Just wanted to post here what I posted over in the TivoCommunity forum in case there are any users on this forum that aren't on that forum...


There is currently no known way to switch between LIVE dual buffers in the same way that the R10 handles it, but there does seem to be a workaround. I currently have 2 programs recording. I go into MyVOD and select one of the programs to begin playback (which you can do while the program is still recording). Then I hit the LIST button to get back to MyVOD (current program continues to play in the upper window). I then select the second program currently recording and I playback that program.

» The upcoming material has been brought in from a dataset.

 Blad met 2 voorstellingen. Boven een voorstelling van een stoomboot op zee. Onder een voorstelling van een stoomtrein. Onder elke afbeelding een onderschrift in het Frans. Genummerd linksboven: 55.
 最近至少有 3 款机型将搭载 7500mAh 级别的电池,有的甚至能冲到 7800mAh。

Now I can simply hit the PREV to switch back and forth between the two programs.

Now, it doesn't quite work the same way as the LIVE buffers on the R10. When you switch between programs using the PREV button, it in effect automatically pauses the program you're leaving and takes you to where you left off in the program that you're switching too and automatically begins playing from that point. This is probably how most would use the dual buffers anyway - pause one game then switch to the other game that we left paused and begin watching and so on. If you do want to skip to the present when you switch back to a program, simply press the ->| (forward to end of buffer) button to quickly skip to the present (or end of program if not a currently recording program).

I'm not sure if this explanation is confusing, so feel free to ask any clarifying questions and I'll try to answer them. But until live dual buffers are enabled on the R15 (assuming Robert is correct in saying that they will be), this provides IMO a suitable workaround for the interim.

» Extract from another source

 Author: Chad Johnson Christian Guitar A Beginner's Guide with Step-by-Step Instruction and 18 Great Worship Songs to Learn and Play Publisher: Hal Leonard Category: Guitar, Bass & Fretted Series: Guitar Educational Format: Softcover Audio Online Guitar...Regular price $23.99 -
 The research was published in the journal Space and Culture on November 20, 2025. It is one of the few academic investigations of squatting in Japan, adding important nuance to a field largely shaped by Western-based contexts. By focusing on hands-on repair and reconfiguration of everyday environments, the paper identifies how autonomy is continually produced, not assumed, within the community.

NOTE: I'm not sure if the type of recording matters, but my test consists of one series recording (aka: season pass), and one single episode recording that I set by finding in the guide and pressing the R button. In other words, neither are manual time-based recordings.


----------



## grooves12 (Oct 27, 2005)

That is kind of annoying that you have to set the other channel to record, but I think it is GREAT that it automatically pauses the current tuner and resumes the other tuner when switching back and forth... that is actually an improvement over the current functionality of the DirecTivo boxes.

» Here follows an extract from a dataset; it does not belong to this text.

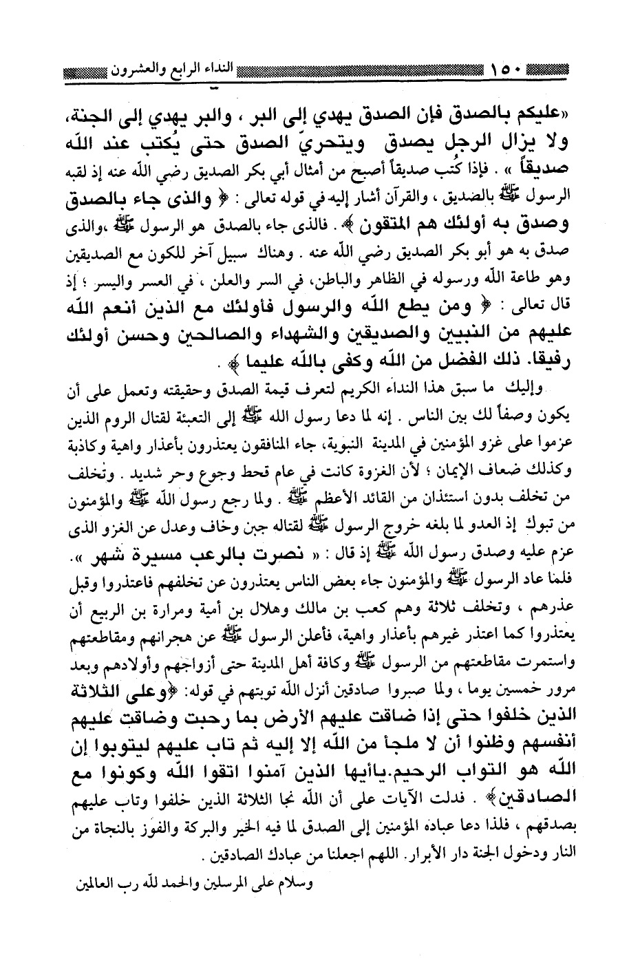 وإليك ما سبق هذا النداء الكريم لتعرف قيمة الصدق وحقيقته وتعمل على أن يكون وصفا لك بين الناس. إنه لما دعا رسول الله صلى الله عليه وسلم إلى التعبئة لقتال الروم الذين عزموا على غزو المؤمنين في المدينة النبوية، جاء المنافقون يعتذرون بأعذار واهية وكاذبة وكذلك ضعاف الإيمان؛ لأن الغزوة كانت في عام قحط وجوع وحر شديد. وتخلف من تخلف بدون استئذان من القائد الأعظم صلى الله عليه وسلم. ولما رجع رسول الله صلى الله عليه وسلم والمؤمنون من تبوك إذ العدو لما بلغه خروج الرسول صلى الله عليه وسلم لقتاله جبن وخاف وعدل عن الغزو الذي عزم عليه وصدق رسول الله صلى الله عليه وسلم إذ قال: " نصرت بالرعب مسيرة شهر ". فلما عاد الرسول صلى الله عليه وسلم والمؤمنون جاء بعض الناس يعتذرون عن تخلفهم فاعتذروا وقبل عذرهم، وتخلف ثلاثة وهم كعب بن مالك، وهلال بن أمية، ومرارة بن الربيع أن يعتذروا كما أعتذر غيرهم بأعذار واهية، فأعلن الرسول صلى الله عليه وسلم عن هجرانهم ومقاطعتهم واستمرت مقاطعتهم من الرسول صلى الله عليه وسلم وكافة أهل المدينة حتى أزواجهم وأولادهم وبعد مرور خمسين يوما، ولما صبروا صادقين أنزل الله توبتهم في قوله: {وَعَلَى الثَّلاثَةِ الَّذِينَ خُلِّفُوا حَتَّى إِذَا ضَاقَتْ عَلَيْهِمُ الْأَرْضُ بِمَا رَحُبَتْ وَضَاقَتْ عَلَيْهِمْ أَنْفُسُهُمْ وَظَنُّوا أَنْ لا مَلْجَأَ مِنَ اللَّهِ إِلاَّ إِلَيْهِ ثُمَّ تَابَ عَلَيْهِمْ لِيَتُوبُوا إِنَّ اللَّهَ هُوَ التَّوَّابُ الرَّحِيمُ يَا أَيُّهَا الَّذِينَ آمَنُوا اتَّقُوا اللَّهَ وَكُونُوا مَعَ الصَّادِقِينَ} . فدلت الآيات على أن الله نجا الثلاثة الذين خلفوا وتاب الله عليهم بصدقهم، فلذا دعا عباده المؤمنين إلى الصدق لما فيه الخير والبركة والفوز بالنجاة من النار ودخول الجنة دار الأبرار. اللهم اجعلنا من عبادك الصادقين.

Now only if they could program it to function the same way without the need to set both tuners to a recording.


----------



## eengert (Nov 16, 2005)

grooves12 said:


> That is kind of annoying that you have to set the other channel to record, but I think it is GREAT that it automatically pauses the current tuner and resumes the other tuner when switching back and forth... that is actually an improvement over the current functionality of the DirecTivo boxes.
> 
> Now only if they could program it to function the same way without the need to set both tuners to a recording.


Robert (who is a dealer and apparently had a chance to talk to someone at Dtv) said that the R15 development team is currently working on a software upgrade that will enable live dual tuners. When that comes out, I would expect it to work like a DirecTIVO. If watching 2 live programs (w/out having to set them to record) you should be able to toggle back and forth between the tuners. However, in that scenario, it would obviously not automatically pause the buffer since that may not be what the user would want in many cases. The only reason that the R15 works that way is because you're not actually watching something live from the tuner - you're playing back a recorded program from MyVOD.


----------



## grooves12 (Oct 27, 2005)

well, we won't know until we see it, but I think MOST would prefer an auto pause/play upon switching tuners.


----------



## eengert (Nov 16, 2005)

grooves12 said:


> well, we won't know until we see it, but I think MOST would prefer an auto pause/play upon switching tuners.


I wouldn't - not on a live program. This only makes sense to me on recorded programs where I always want to return to where I left off. For live buffers, it makes sense to me that the default is to be live (at the present) and that pausing should require an explicit action. That's how I look at it.


----------



## LockMD (Nov 16, 2005)

eengert said:


> I wouldn't - not on a live program. This only makes sense to me on recorded programs where I always want to return to where I left off. For live buffers, it makes sense to me that the default is to be live (at the present) and that pausing should require an explicit action. That's how I look at it.


I agree, the live show should continue and the buffer should record for rewinding if you choose to and yet when you come back the buffer is empty.


----------



## eengert (Nov 16, 2005)

LockMD said:


> I agree, the live show should continue and the buffer should record for rewinding if you choose to and yet when you come back the buffer is empty.


It's on the list.  Now we need to figure out how to get the list to someone who can turn the list into software updates for us.


----------